Briefly: if I have 5 Tb of data and want to deploy this on 5 cassandra servers - does each machine need to have 5 Tb of disk space for data (not counting log space)? From the docs it sounds like at times cassandra will need 2x the data size - so 10Tb / server or 10Tb total in the array?
How much RAM should each machine have? Assume that the 5Tb is all in the same column space. I had been planning to max out the RAM on each machine but I'm not sure that's enough. Do I need an array of servers with a total of 5Tb of RAM?
If you spread evenly your 5 TB of data on you 5 servers, each server will host 1 TB of data. Because of compaction needs, each server will need 2 TB of disk space (in the worst case, a compaction needs twice as much space on disk as you have data), which means 10 TB total in your cluster.
The case above is where you only store a single replica of your data among the cluster. In this case, if a server fail, one fifth of your data will be unreachable. If you want to store 2 replica of your data in the cluster, each node will need 4 TB of disk space, which means 20 TB total in your cluster.
The cassandra suggested disk space per node for performance is 1/2 Terabyte so unless you want to wait for extremely long compactions and very long map/reduce times you should rethink how many machines are necessary.

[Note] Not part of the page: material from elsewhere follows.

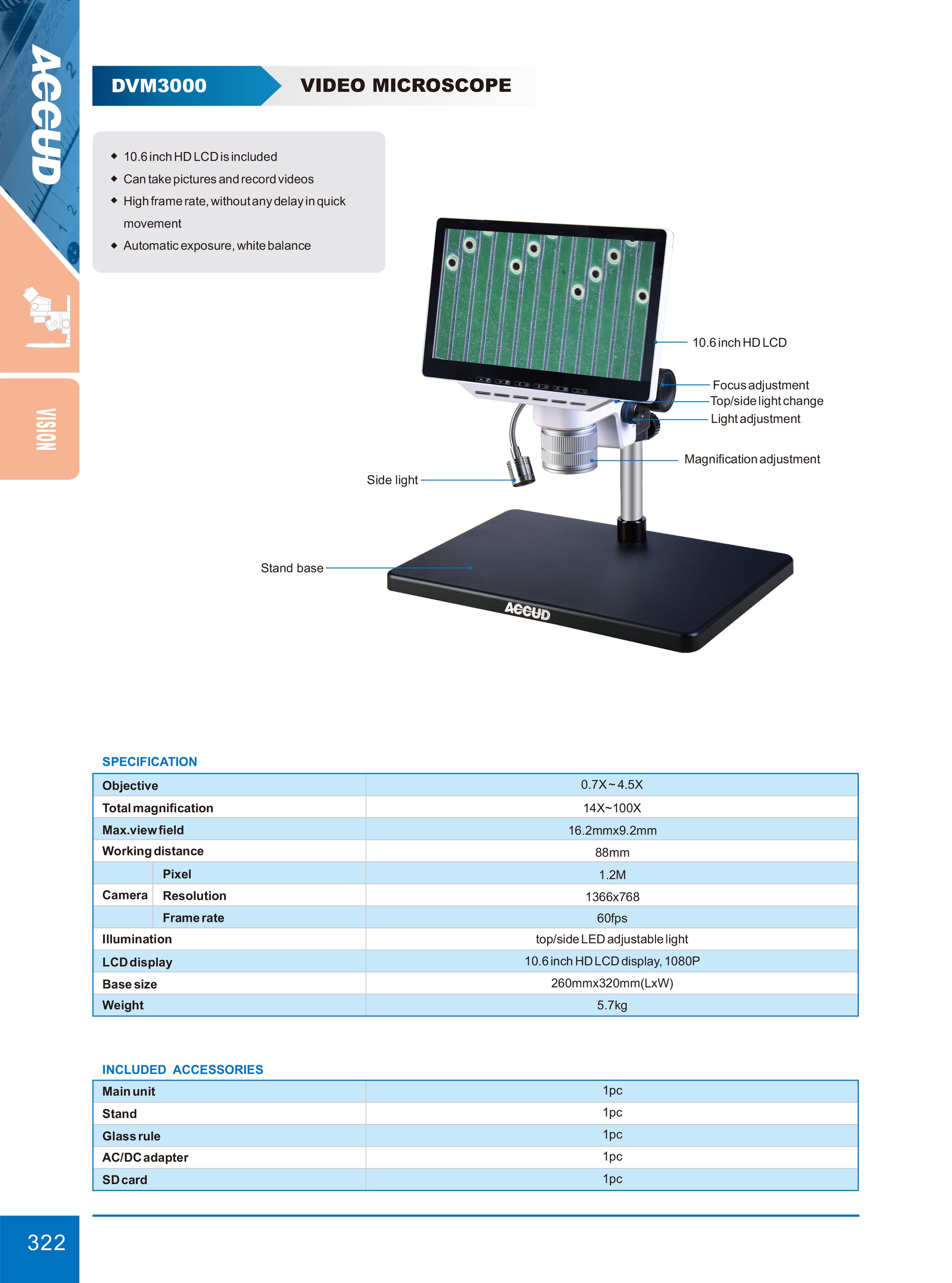 ACCUD DVM3000 HD video mikroskop 0.7-4.5x

Supposing that all data is in RAM, that's a huge and expensive machine. Fortunately in most applications, you don't need to keep all your data in memory but only your live / active data.

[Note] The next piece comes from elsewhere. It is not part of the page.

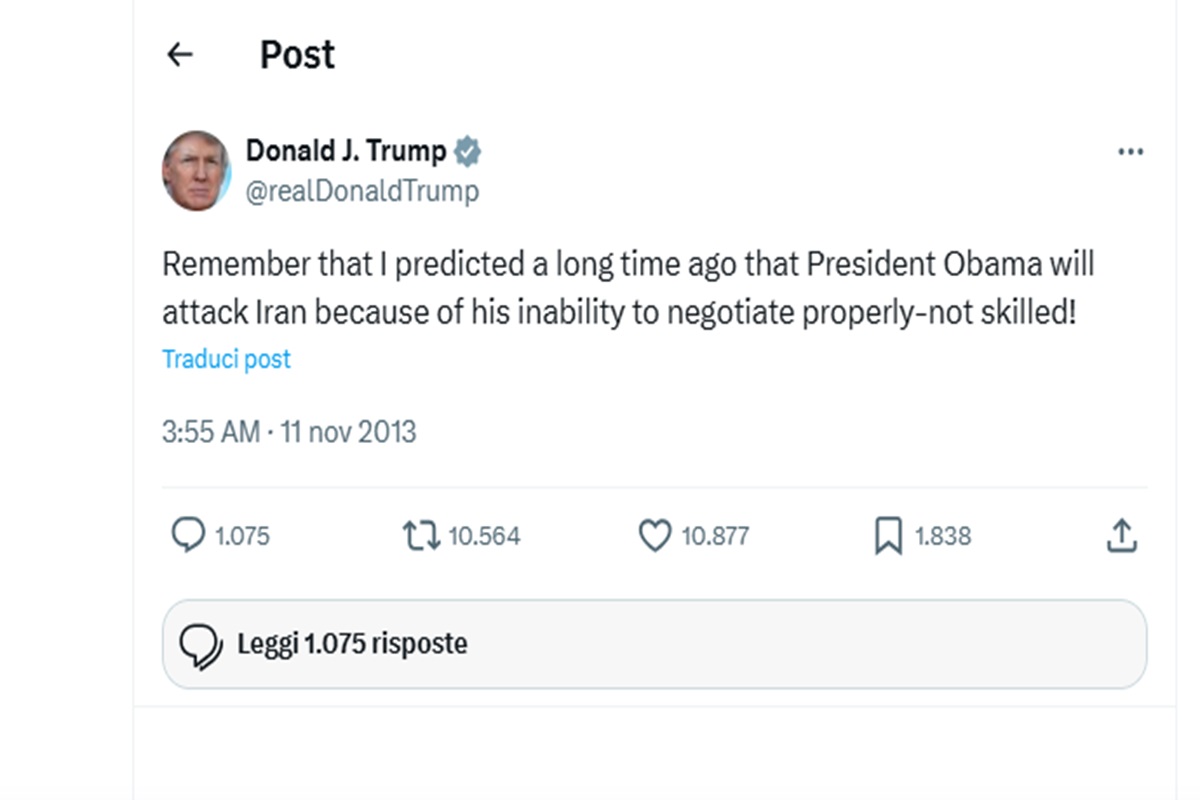 “Molto tempo fa avevo previsto che il Presidente avrebbe attaccato l’Iran a causa della sua incapacità di negoziare correttamente – non è abile!” Secondo voi chi lo ha detto? Bernie Sanders? Un qualsiasi democratico antri trumpiano? No, lo disse Donald Trump. Era l’11 novembre del 2013 e l’attuale presidente statunitense stava attaccando Barack Obama. D’altronde, la coerenza politica non è certo una delle qualità più di moda nel pianeta.

Cassandra is able to retrieve automatically data from HD to RAM when the entry is missing from memory. Conversely, when the record in not accesses is expelled from memory ("cold" data). You might compare Cassandra as an application level cache, where entries are account rows. Cache hits/misses in this case can be interpreted as records on the cassandra filesystem disk which have to be brought back in memory.
So in terms of sizing:
So talking about RAM: You only need to keep enough data in memory in order to avoid unnecessary re-fetch from disk. It's very application dependent. I would suggest to run some benchmarking to verify how many active sessions you get per day wrt to the total amount of sessions you have stored on the system. This applies well if your system is read dominated and reads exhibit temporal locality.
Check also this thread for further inspiration https://stackoverflow.com/questions/4924978/cache-design-question
This ratio of live data vs total data determines the RAM requirements for your system. Essentially, it's a tradeoff of cassandra misses vs RAM costs. Similar considerations - at a different level - apply to cpu cache design.